In the early days of the restored church, Frederick G. Williams was commanded to become “a lively member” (D&C 92:2), a reminder that Peter spoke of the faithful members of the church as “lively stones” (1 Pet. 2:5).
“A lively member” himself, Paul warned the saints that they would be rewarded in kind. “He which soweth sparingly shall reap sparingly; and he which soweth bountifully shall reap also bountifully. Every man according as he purposeth in his heart, … not grudgingly, or of necessity: for God loveth a cheerful giver.” (2 Cor. 9:6–7.)
And in our day the Lord has said:
“… it is not meet that I should command in all things; for he that is compelled in all things, that same is a slothful and not a wise servant; … men should … do many things of their own free will, and bring to pass much righteousness.” (D&C 58:26–27.)
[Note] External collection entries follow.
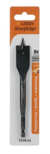 LTSB-22 Features: 22mm heavy-duty spade bit: Sized for accurate timber drilling in framing, fit-off, or general construction. High-carbon steel construction: Heat-treated for strength, edge retention, and long life .Precision-ground tip and chisel edge: Delivers quick starts and smooth, clean hole finishes. Black oxide corrosion-resistant coating: Reduces rust and edge wear in harsh jobsite conditions. Hang hole for storage or wire pulling: Adds convenience during setup and teardown.
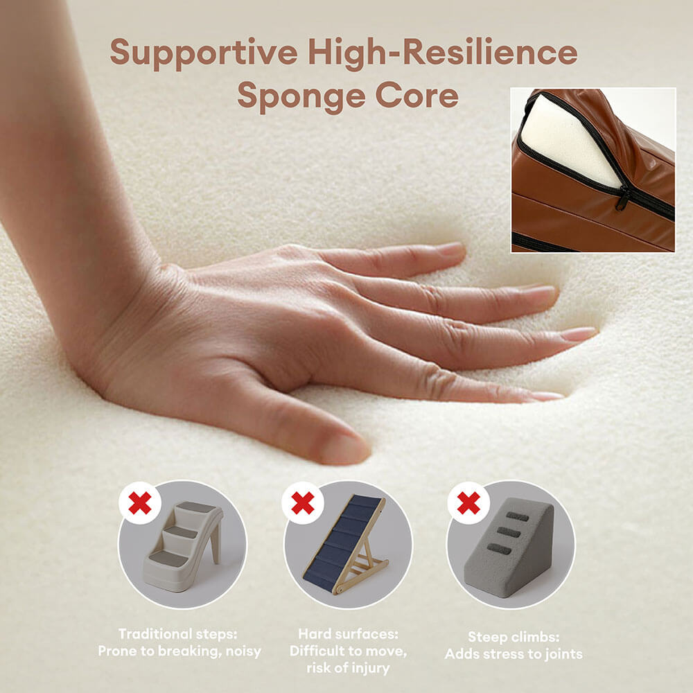 • Supportive & Joint-Friendly High-Density Sponge: Filled with thick, high-resilience sponge, each step offers sturdy support without sagging—making it perfect for small pets, seniors, or recovering pups.
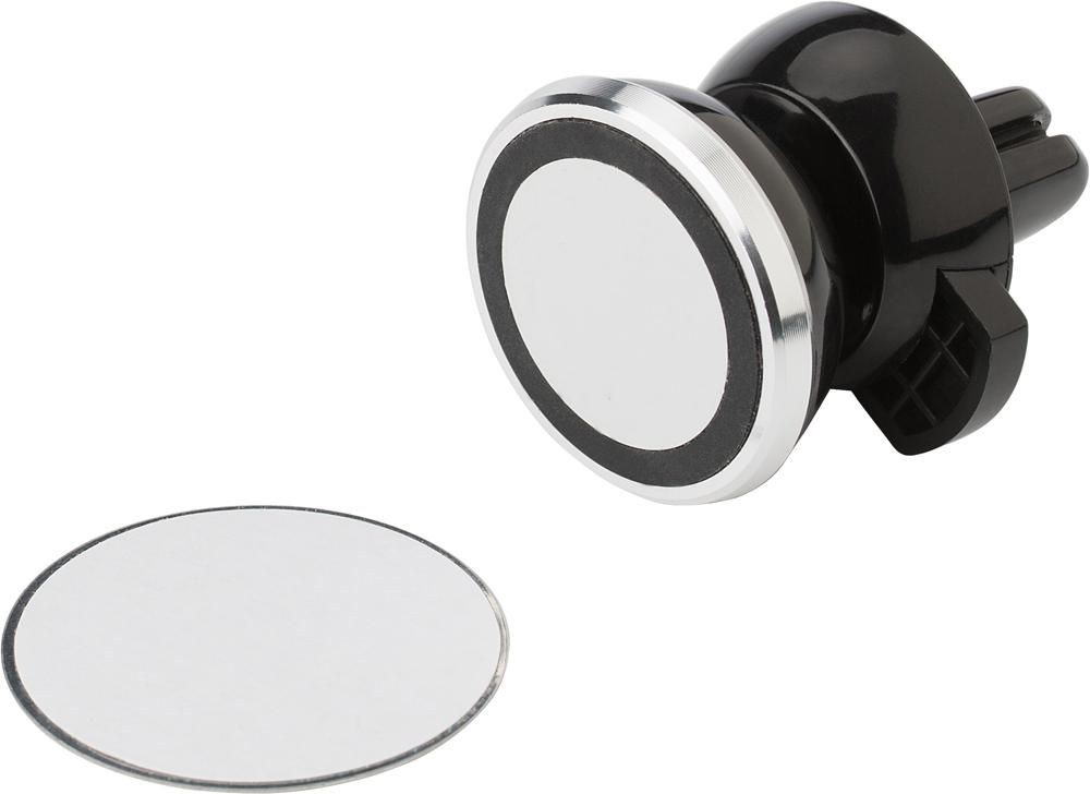 Älypuhelimen pidike autoon. Saadaan kiinnitettyä tuuletusaukkoon. Aseta metallilevy puhelimen takaosaan (liima) ja magneetti pitää sen paikoillaan.

In his writings to Timothy, Paul admonished:
“… keep that which is committed to thy trust” (1 Tim. 6:20), “… give attendance to reading, to exhortation, to doctrine” (1 Tim. 4:13), “and follow after righteousness, godliness, faith, love, patience, meekness. Fight the good fight of faith … whereunto thou are also called …” (1 Tim. 6:11–12).
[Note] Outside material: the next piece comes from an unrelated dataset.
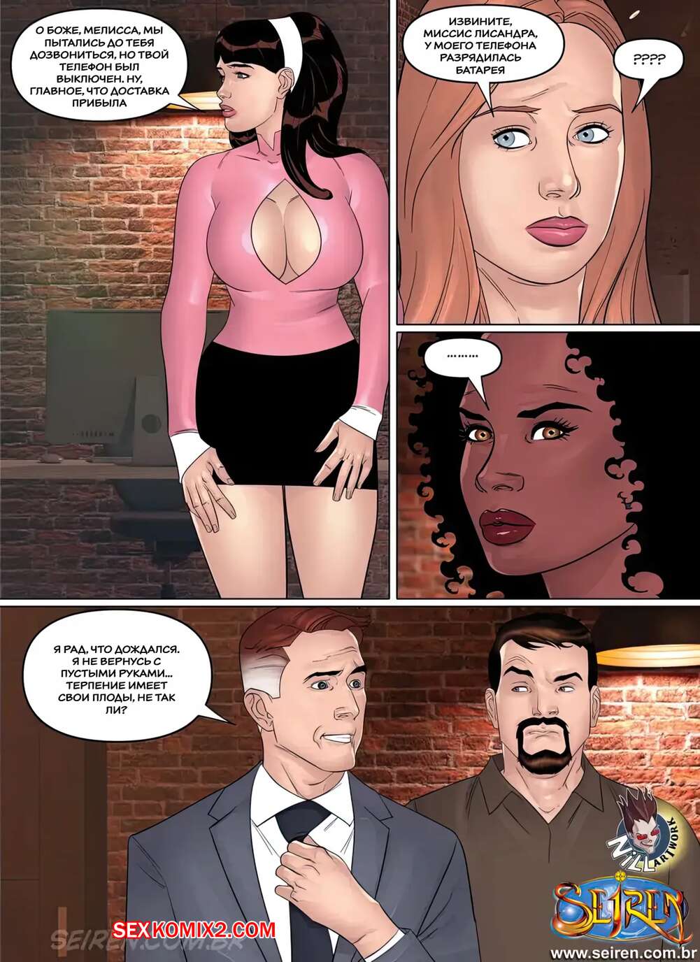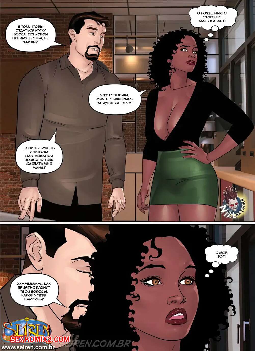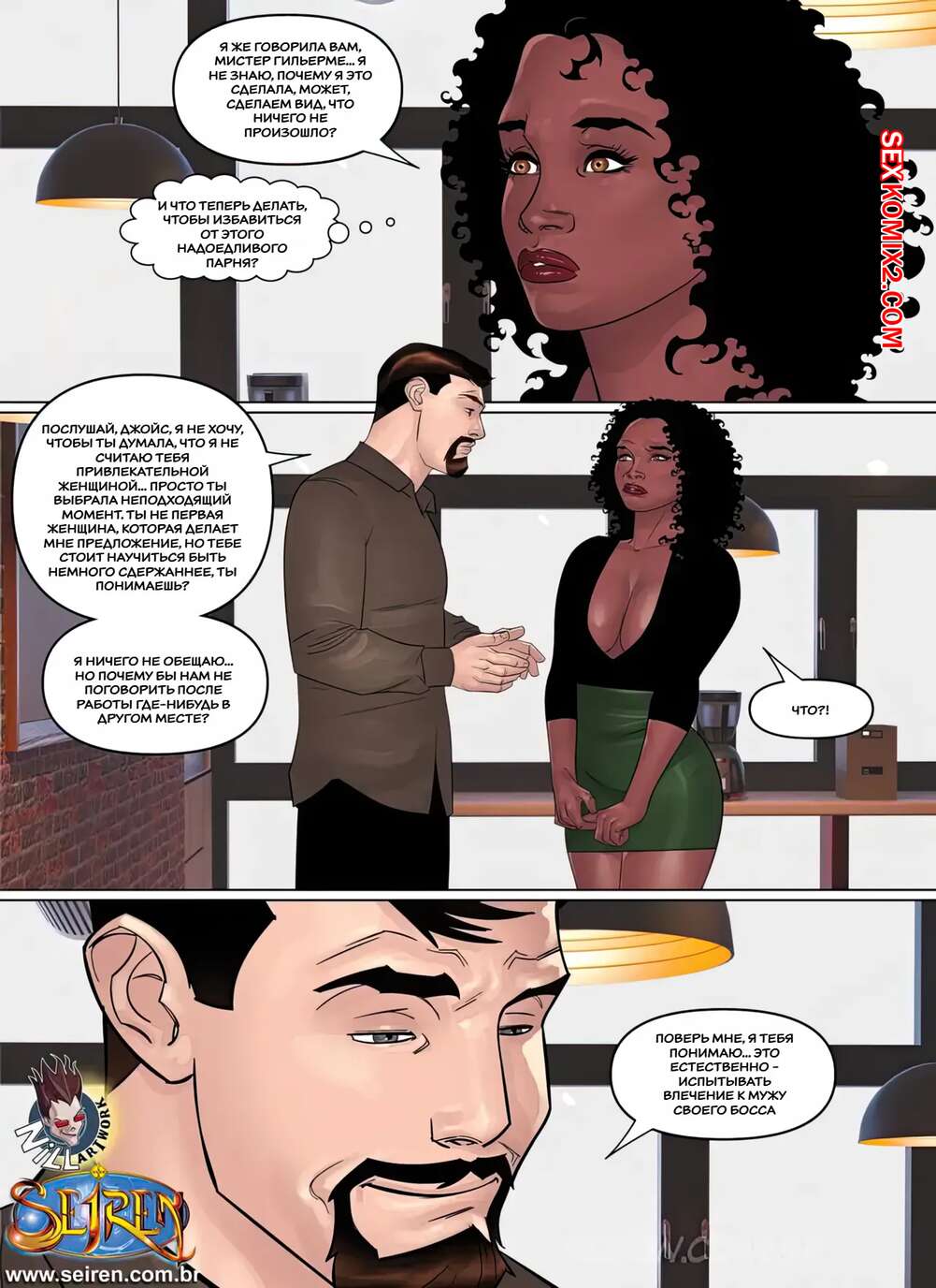Порно комикс Дочерняя компания Лиcандры. Часть 1. Эпизод 2. Lisandra Subsidiary. Seiren Темнокожая брюнетка увидела через окно свою коллегу в кабинете у босса. Горячая милфа встала на колени перед начальником и отсосала его большой хуй, после чего дала ему себя выебать.

He told Timothy to “make full proof of thy ministry” (2 Tim. 4:5), or, as we have been told in our day, “magnify thine office” (D&C 24:3). Of course, we should always be preparing ourselves for service. As King Benjamin advised: “… it is not requisite that a man should run faster than he has strength,” but he added, “it is expedient that he should be diligent, that thereby he might win the prize; therefore, all things must be done in order.” (Mosiah 4:27.)
Paul sought the “prize” and likened the need for preparation and diligence in church responsibilities to the training and excellence required in athletic contests. He knew how the contestants worked for victory and how they prepared themselves and developed a will to win. He wanted the saints to manifest similar zeal and devotion in the gospel.
In this light he said:
“Every athlete exercises self-control in all things. They do it to receive a perishable wreath, but we an imperishable. Well, I do not run aimlessly, I do not box as one beating the air. …” (1 Cor. 9:25–27, Revised Standard Version.)
And again, he admonished us to strip off everything that hinders us and to run the race that we have to run with patience, our eyes fixed on Jesus, the source and goal of our faith. (See Heb. 12:1–3.) The Lord has said:
“Therefore, O ye that embark in the service of God, see that ye serve him with all your heart, might, mind and strength.
“And faith, hope, charity, and love, with an eye single to the glory of God, qualify him for the work.
“Remember faith, virtue, knowledge, temperance, patience, brotherly kindness, godliness, charity, humility, diligence.” (D&C 4:2, 5–7).
A scripture that summarizes the Saints’ ideal approach to church callings and assignments is given in D&C 107:99–100:
“Wherefore, now let every man learn his duty, and to act in the office to which he is appointed, in all diligence.
“He that is slothful shall not be counted worthy to stand, and he that learns not his duty and shows himself not approved shall not be counted worthy to stand.”